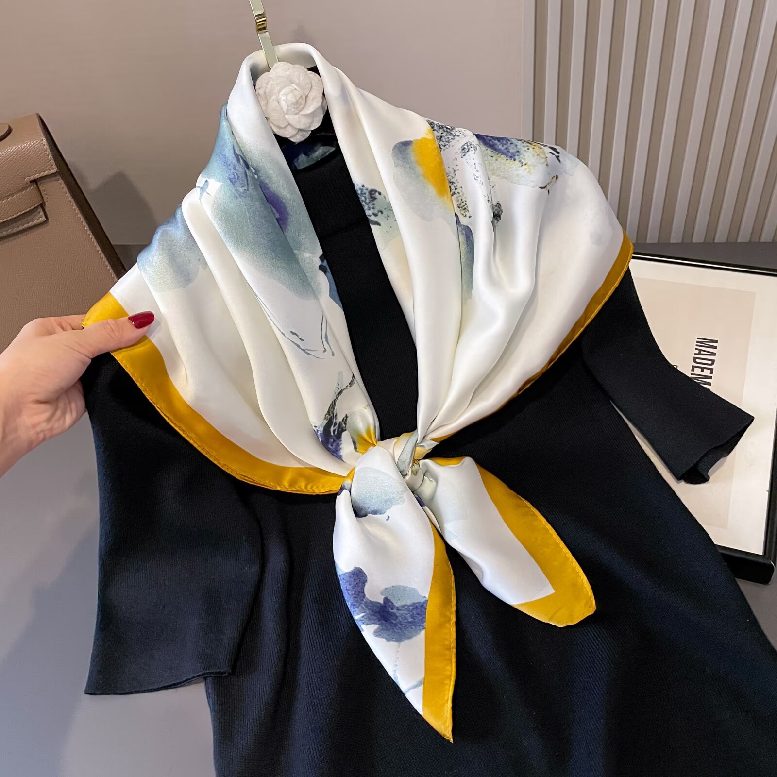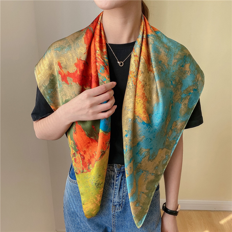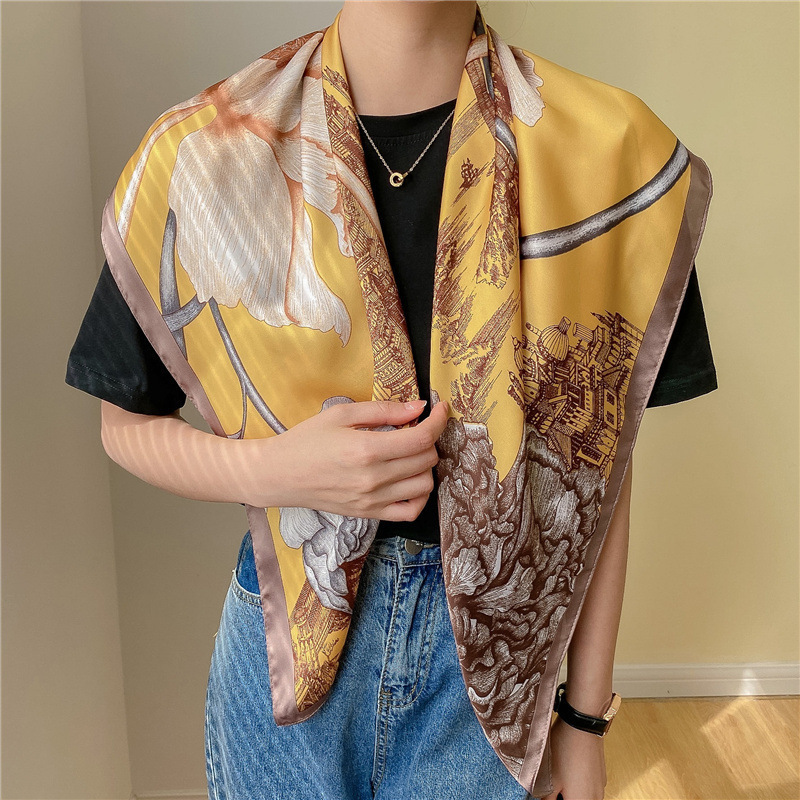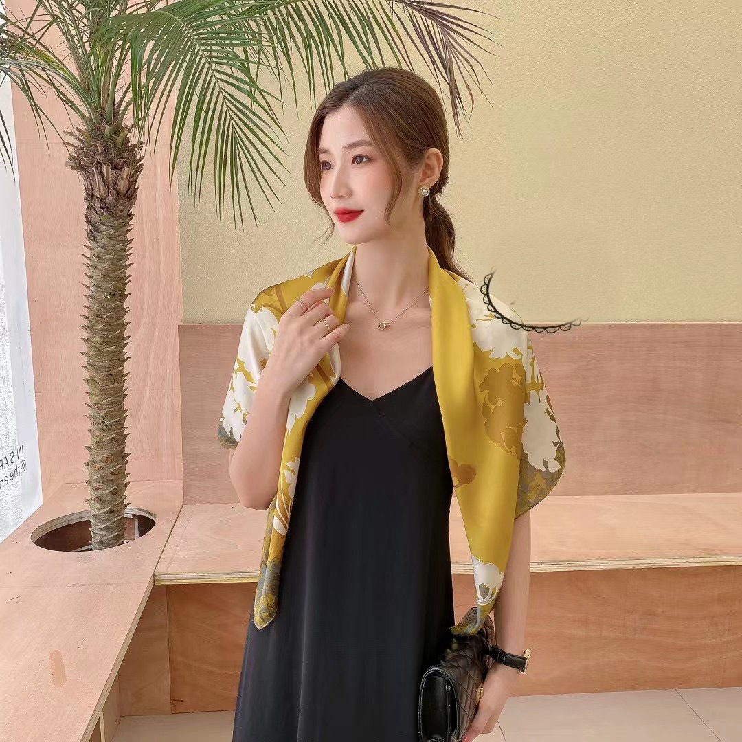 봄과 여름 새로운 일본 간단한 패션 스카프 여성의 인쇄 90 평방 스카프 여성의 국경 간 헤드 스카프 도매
* * *
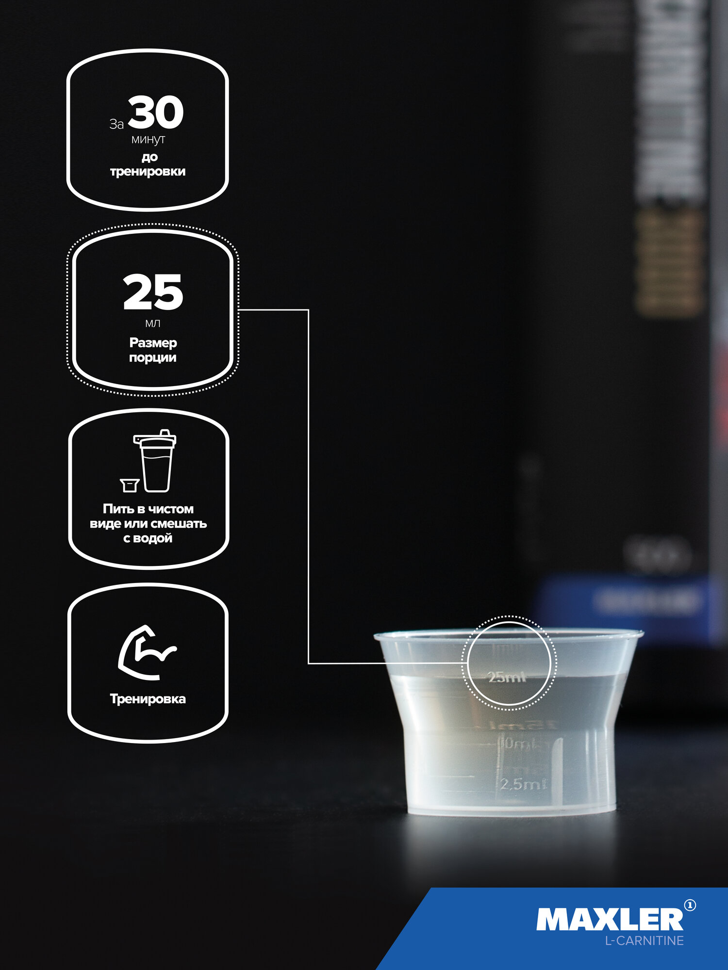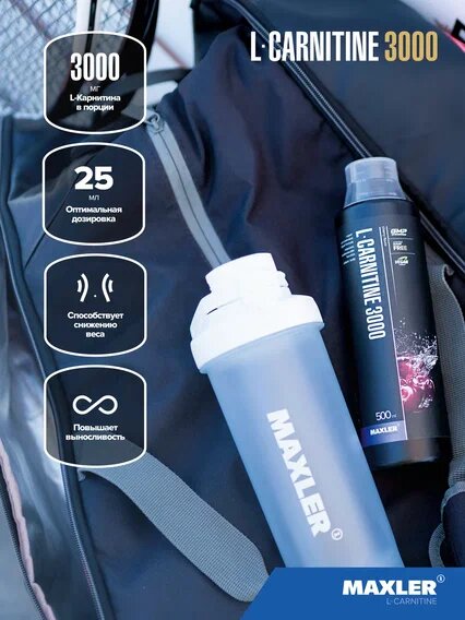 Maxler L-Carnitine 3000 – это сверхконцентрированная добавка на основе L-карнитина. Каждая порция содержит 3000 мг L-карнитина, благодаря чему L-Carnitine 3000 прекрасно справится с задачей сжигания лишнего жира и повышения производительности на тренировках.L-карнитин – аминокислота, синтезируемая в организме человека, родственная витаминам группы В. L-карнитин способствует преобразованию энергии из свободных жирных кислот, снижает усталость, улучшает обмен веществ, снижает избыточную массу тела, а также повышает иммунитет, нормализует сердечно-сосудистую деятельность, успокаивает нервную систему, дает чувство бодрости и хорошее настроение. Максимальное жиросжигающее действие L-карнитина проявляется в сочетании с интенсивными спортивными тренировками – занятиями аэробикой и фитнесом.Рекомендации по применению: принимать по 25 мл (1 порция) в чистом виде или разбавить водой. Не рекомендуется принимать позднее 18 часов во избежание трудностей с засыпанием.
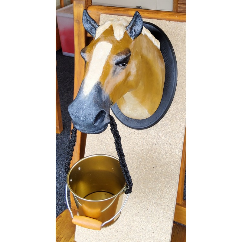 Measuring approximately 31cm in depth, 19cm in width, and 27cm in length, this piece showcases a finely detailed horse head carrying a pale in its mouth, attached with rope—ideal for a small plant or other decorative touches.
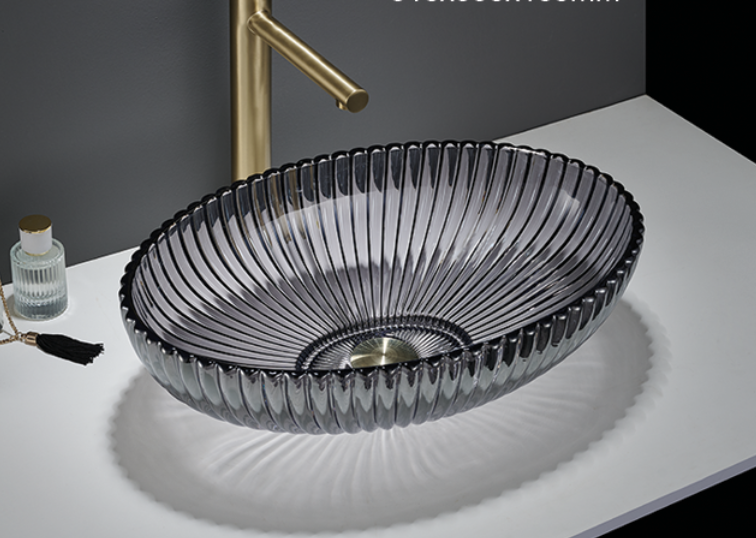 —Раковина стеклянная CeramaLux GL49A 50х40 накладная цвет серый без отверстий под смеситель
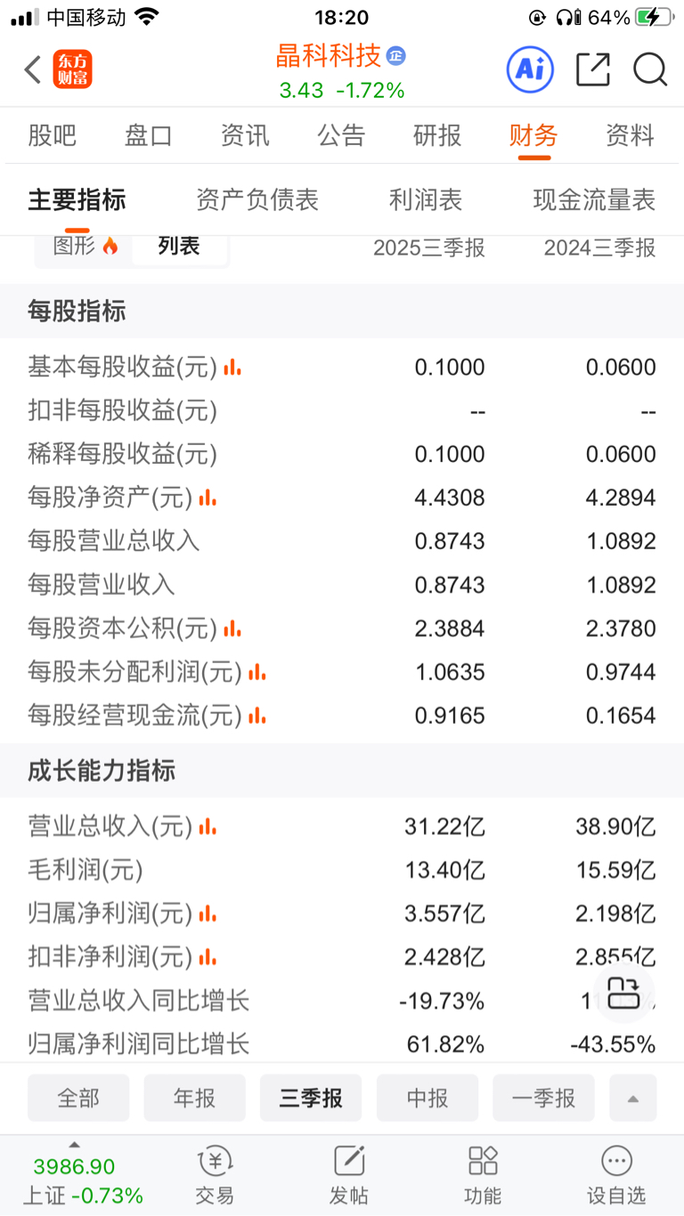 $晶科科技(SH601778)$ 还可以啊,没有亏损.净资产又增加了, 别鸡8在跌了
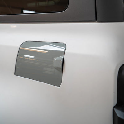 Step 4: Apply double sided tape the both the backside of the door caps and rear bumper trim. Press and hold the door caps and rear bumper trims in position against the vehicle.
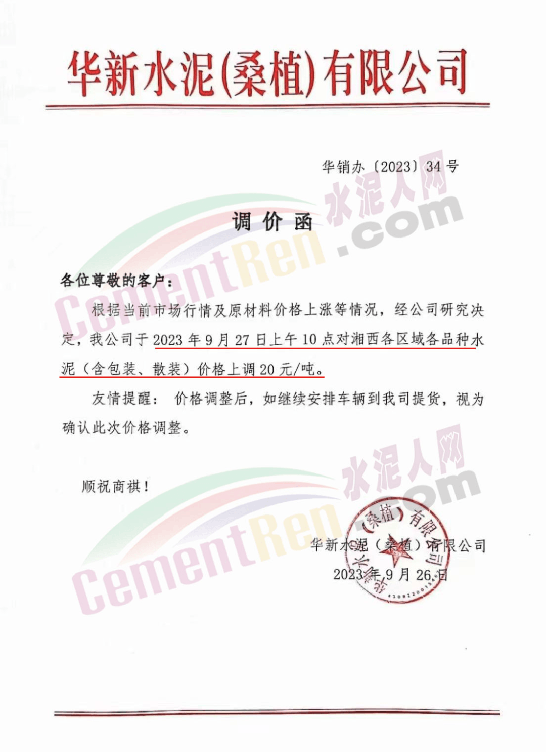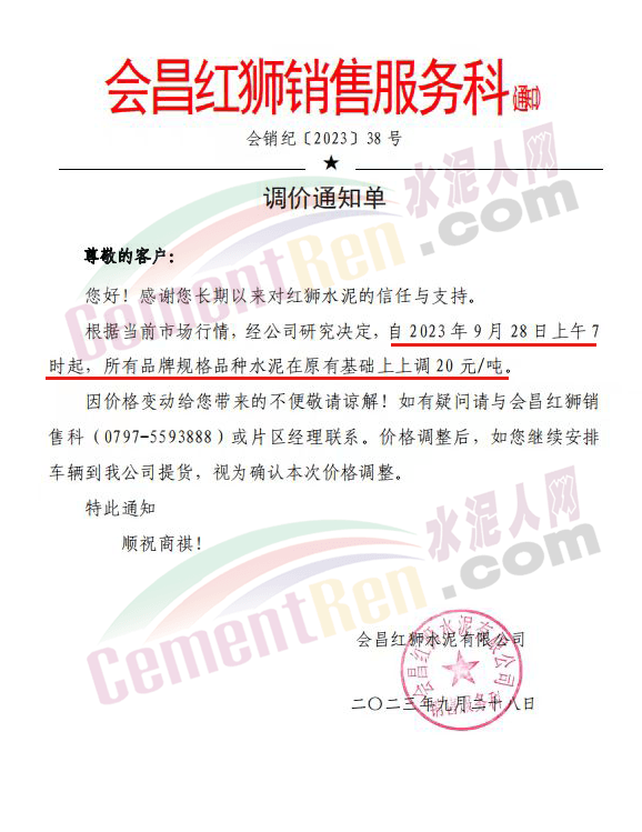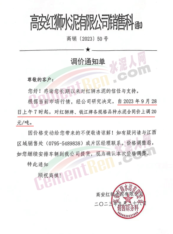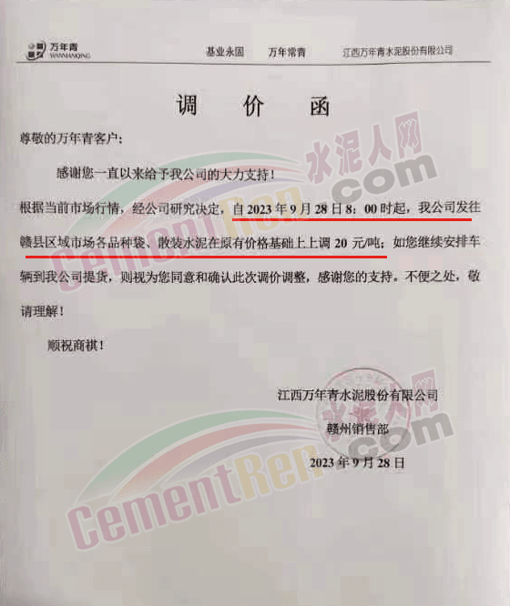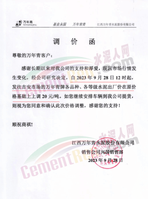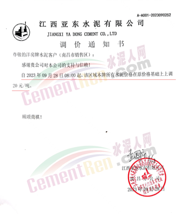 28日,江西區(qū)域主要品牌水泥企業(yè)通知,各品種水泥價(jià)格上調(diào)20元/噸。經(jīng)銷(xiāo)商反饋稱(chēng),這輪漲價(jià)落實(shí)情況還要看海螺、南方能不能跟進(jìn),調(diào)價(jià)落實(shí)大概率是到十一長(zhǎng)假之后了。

Task — Pictures aside, print exactly the lines above starting with the one containing "Step 4: Apply" and going on through the one containing "28日,江西區(qū)域主要".

Task result —
 Step 4: Apply double sided tape the both the backside of the door caps and rear bumper trim. Press and hold the door caps and rear bumper trims in position against the vehicle.
 28日,江西區(qū)域主要品牌水泥企業(yè)通知,各品種水泥價(jià)格上調(diào)20元/噸。經(jīng)銷(xiāo)商反饋稱(chēng),這輪漲價(jià)落實(shí)情況還要看海螺、南方能不能跟進(jìn),調(diào)價(jià)落實(shí)大概率是到十一長(zhǎng)假之后了。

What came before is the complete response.